Goldie, a brown tabby, got adopted last weekend. I don't know the story of her adoption, as I wasn't there, but what I do know, is... "It's about time!" LOL

Today Gracie got adopted. She has the ID # of 5... so that means she's one of the first cats in the sanctuary about 4 years ago! She is a gorgeous long-haired gray cat with green eyes. She loves people, but isn't very fond of other cats. Always hiding in a snuggle box or 'cave' of the cat towers.
This weekend was "double day" adoptions at Petco. After all the volunteers had gone home, some lady that was shopping around saw Gracie and instantly fell in love.
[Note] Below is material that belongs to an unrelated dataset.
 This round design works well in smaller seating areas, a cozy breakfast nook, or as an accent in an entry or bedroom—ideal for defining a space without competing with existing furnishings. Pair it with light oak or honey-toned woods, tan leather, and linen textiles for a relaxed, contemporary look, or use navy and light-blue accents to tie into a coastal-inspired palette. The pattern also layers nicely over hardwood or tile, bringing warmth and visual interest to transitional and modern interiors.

She called the supervisor, and was told that tomorrow they'd be there for more adoptions.
So she came in today, and got Gracie out of the cage. Gracie snuggled in her lap, purred, and just "clicked". So the lady took her right away!
FINALLY! YAY!

I'm hoping this is a new trend. There are about 45 cats at the sanctuary, many having lived there 3+ years. Everybody seems to want kittens, so all the adults get overlooked because they're not "cute" or as playful. 
Now, if we could do at least 1 sanctuary cat a weekend, and not get any more brought in (yeah, right), we could have the place emptied in a year!
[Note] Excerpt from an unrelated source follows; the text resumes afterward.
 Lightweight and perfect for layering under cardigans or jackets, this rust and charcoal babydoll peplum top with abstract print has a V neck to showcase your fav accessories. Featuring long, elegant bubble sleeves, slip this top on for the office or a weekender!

But it always seems for every 1 cat that goes out, 2 come in. SIGH. Oh well, I'd much rather have them at the sanctuary than out on the street or in a euthanasia chamber!


----------



## MowMow (Nov 6, 2010)

Yay for Goldie and Gracie!! How wonderful they found good homes.


----------



## BiddiMom (Sep 2, 2011)

Awe, that's so sweet! I'm very glad they found good homes. Actually, I prefer adopting adult cats. Patches and Ra, my 2 previous cats but both deceased, were older when I adopted them. Well, not really older, but not little bitty kittens. Ra was over a year, and I don't remember how old patches was but she was fully grown. I tend to like older cats more because they seem to be more loving and wanting of attention. How I ended up with the two kittens I have now I'll never know hahaha.


----------



## Vivid Dawn (May 31, 2010)

Just like I thought... we got out Gracie yesterday (wasn't my day for volunteering), and I get there today and a new one is in the quarantine room. Sheesh!


----------